== Excerpted data ==

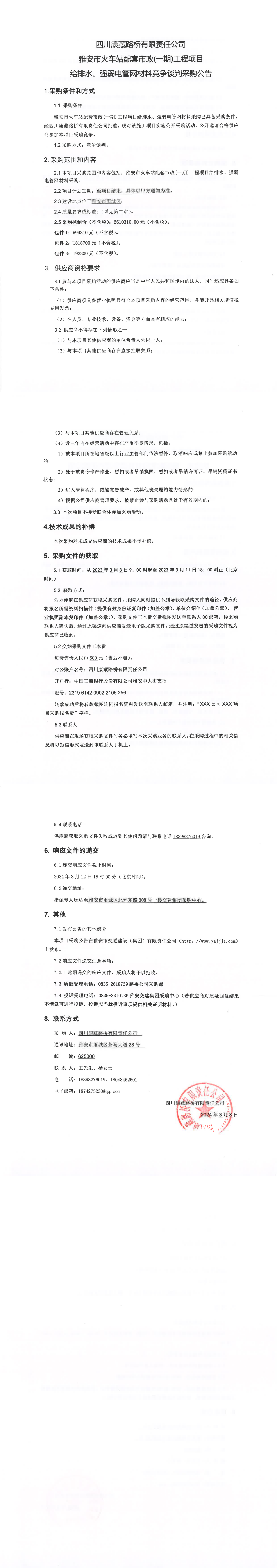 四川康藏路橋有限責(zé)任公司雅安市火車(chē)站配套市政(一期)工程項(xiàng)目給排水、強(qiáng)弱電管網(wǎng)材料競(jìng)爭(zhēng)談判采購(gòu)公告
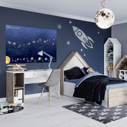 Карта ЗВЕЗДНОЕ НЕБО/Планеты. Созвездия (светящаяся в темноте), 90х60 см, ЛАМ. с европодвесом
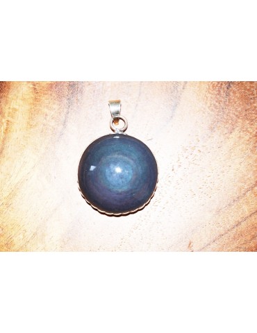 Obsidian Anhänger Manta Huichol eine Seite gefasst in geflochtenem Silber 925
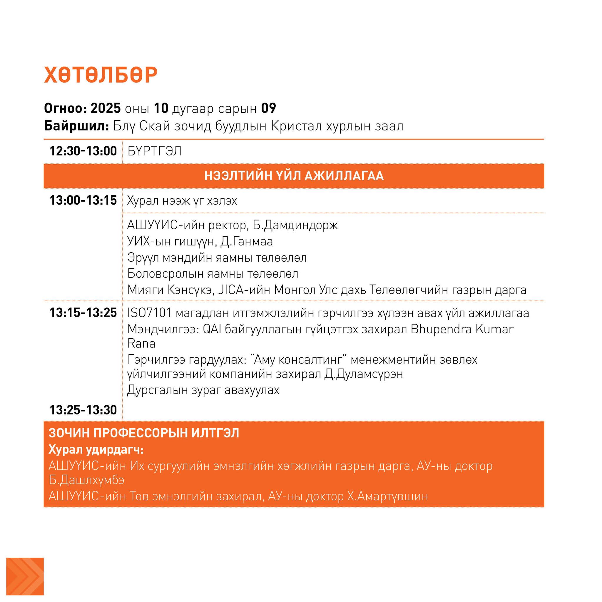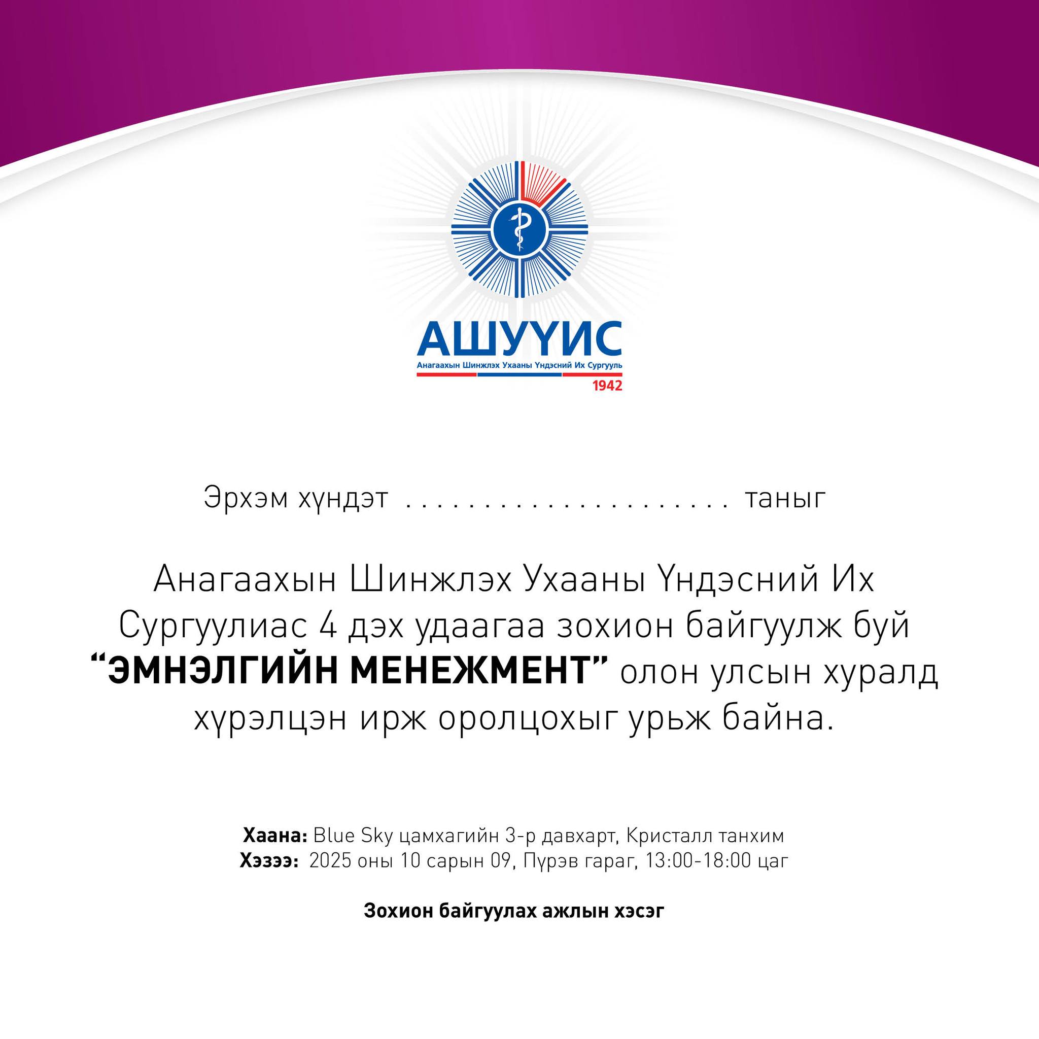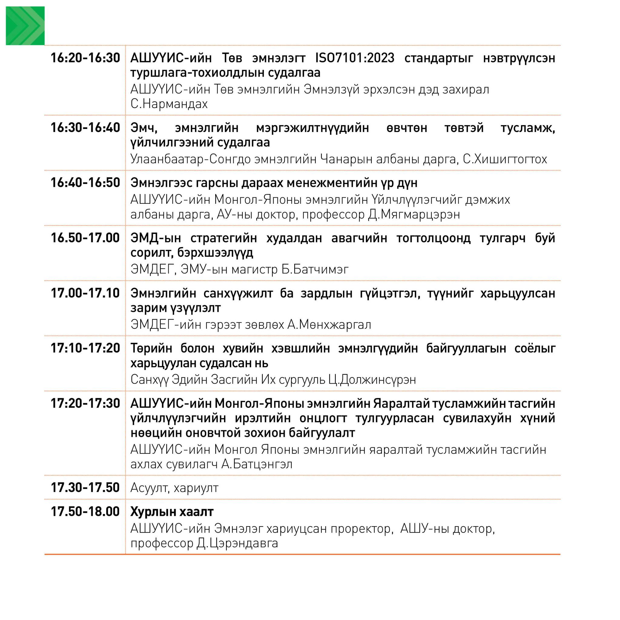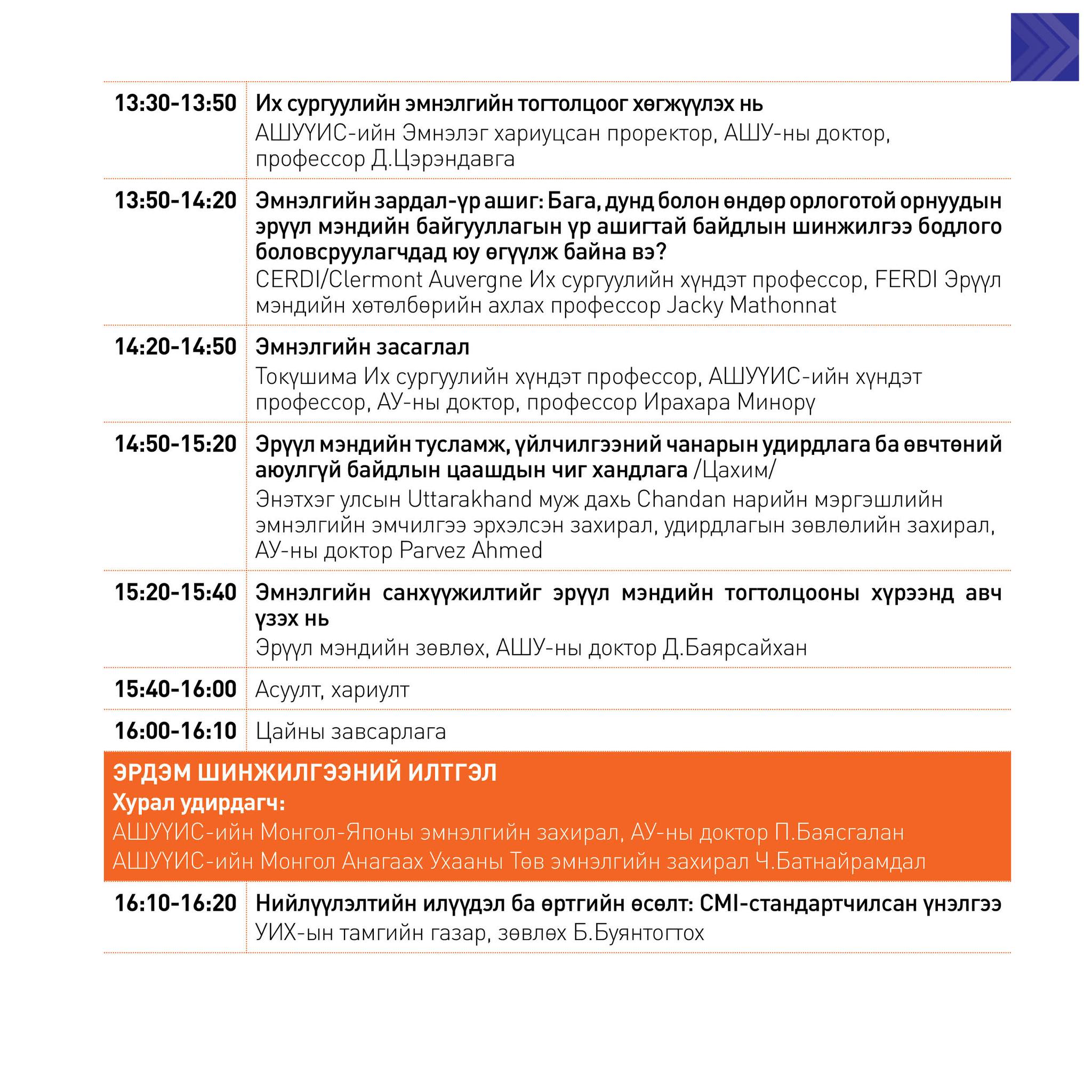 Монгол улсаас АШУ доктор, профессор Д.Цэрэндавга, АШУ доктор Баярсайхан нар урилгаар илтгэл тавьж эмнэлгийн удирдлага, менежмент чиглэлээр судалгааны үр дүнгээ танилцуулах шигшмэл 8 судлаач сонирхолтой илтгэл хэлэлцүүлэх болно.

===
== Excerpted data ==

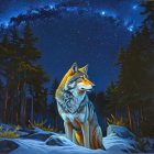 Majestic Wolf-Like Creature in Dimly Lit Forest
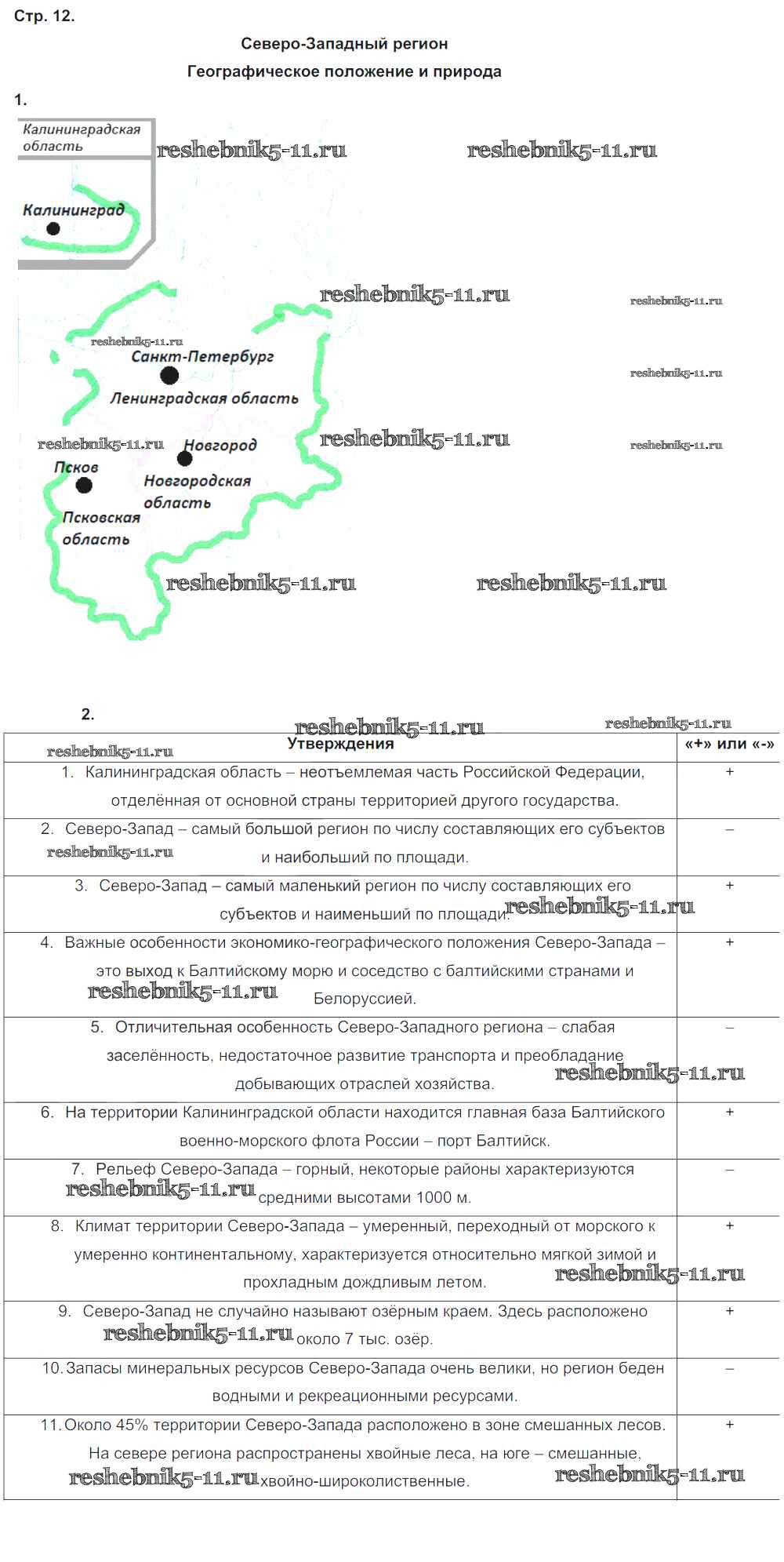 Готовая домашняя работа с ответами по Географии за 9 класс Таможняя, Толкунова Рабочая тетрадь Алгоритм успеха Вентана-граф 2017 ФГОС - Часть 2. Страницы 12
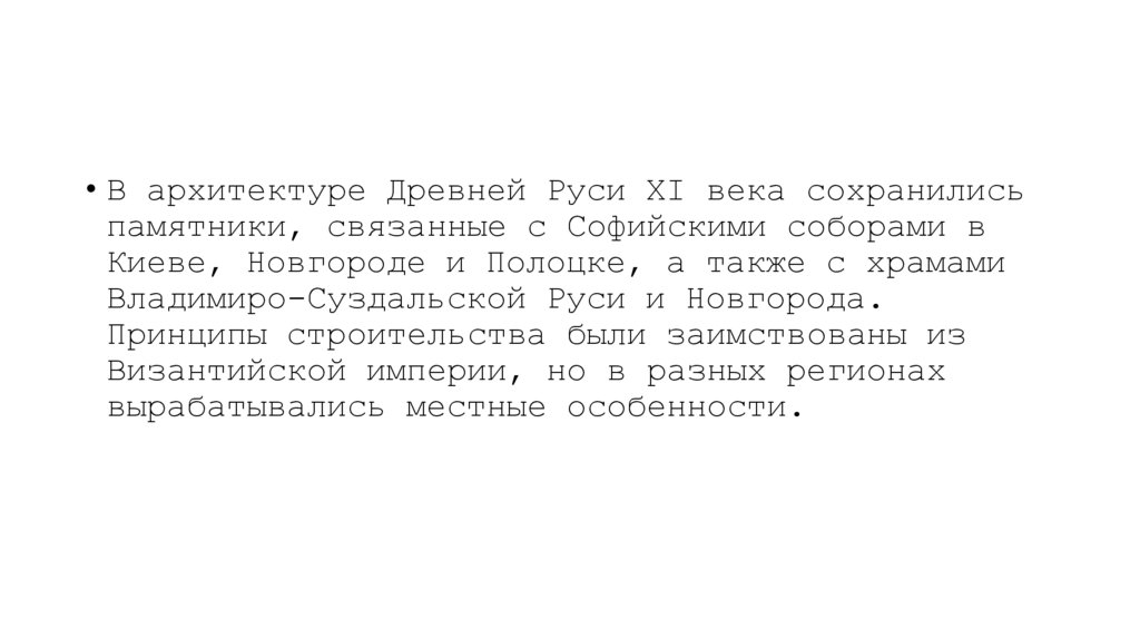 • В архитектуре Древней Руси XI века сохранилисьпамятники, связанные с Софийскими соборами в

===
== Excerpted data ==

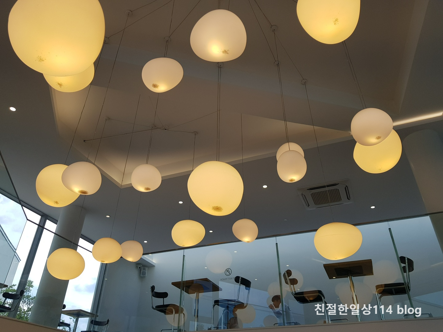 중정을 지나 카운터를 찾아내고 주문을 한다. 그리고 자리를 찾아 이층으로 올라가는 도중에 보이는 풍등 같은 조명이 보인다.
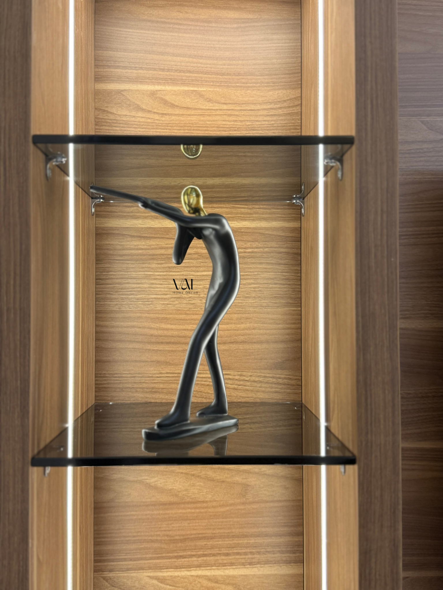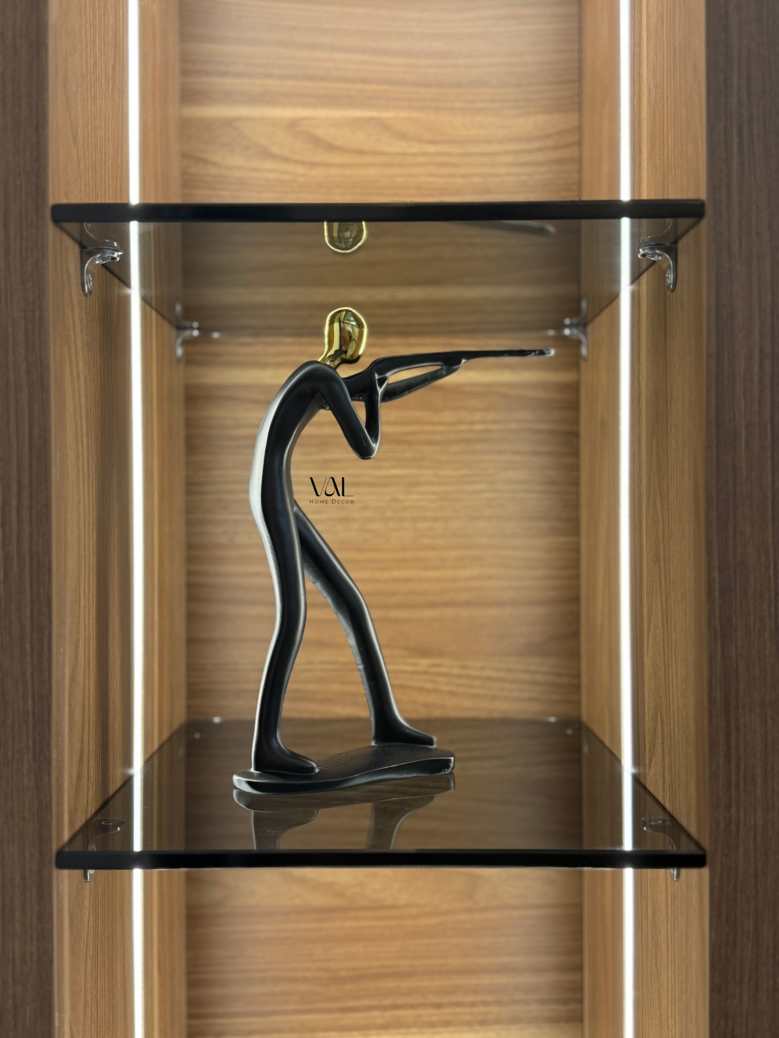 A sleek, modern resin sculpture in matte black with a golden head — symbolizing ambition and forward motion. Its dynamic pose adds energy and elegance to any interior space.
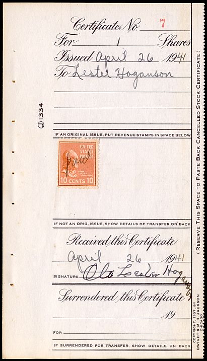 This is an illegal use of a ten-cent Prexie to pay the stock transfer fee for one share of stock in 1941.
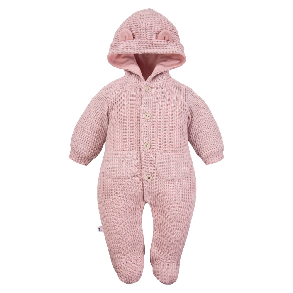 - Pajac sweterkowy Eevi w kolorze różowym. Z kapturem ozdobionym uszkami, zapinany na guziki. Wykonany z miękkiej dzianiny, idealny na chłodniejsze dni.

===

Problem description → Look back at the data above, then output exactly the lines from the line holding "四川康藏路橋有限責(zé)任" up to and including the line holding "Монгол улсаас АШУ". Leave out the pictures.

Answer to the exercise →
 四川康藏路橋有限責(zé)任公司雅安市火車(chē)站配套市政(一期)工程項(xiàng)目給排水、強(qiáng)弱電管網(wǎng)材料競(jìng)爭(zhēng)談判采購(gòu)公告
 Карта ЗВЕЗДНОЕ НЕБО/Планеты. Созвездия (светящаяся в темноте), 90х60 см, ЛАМ. с европодвесом
 Obsidian Anhänger Manta Huichol eine Seite gefasst in geflochtenem Silber 925
 Монгол улсаас АШУ доктор, профессор Д.Цэрэндавга, АШУ доктор Баярсайхан нар урилгаар илтгэл тавьж эмнэлгийн удирдлага, менежмент чиглэлээр судалгааны үр дүнгээ танилцуулах шигшмэл 8 судлаач сонирхолтой илтгэл хэлэлцүүлэх болно.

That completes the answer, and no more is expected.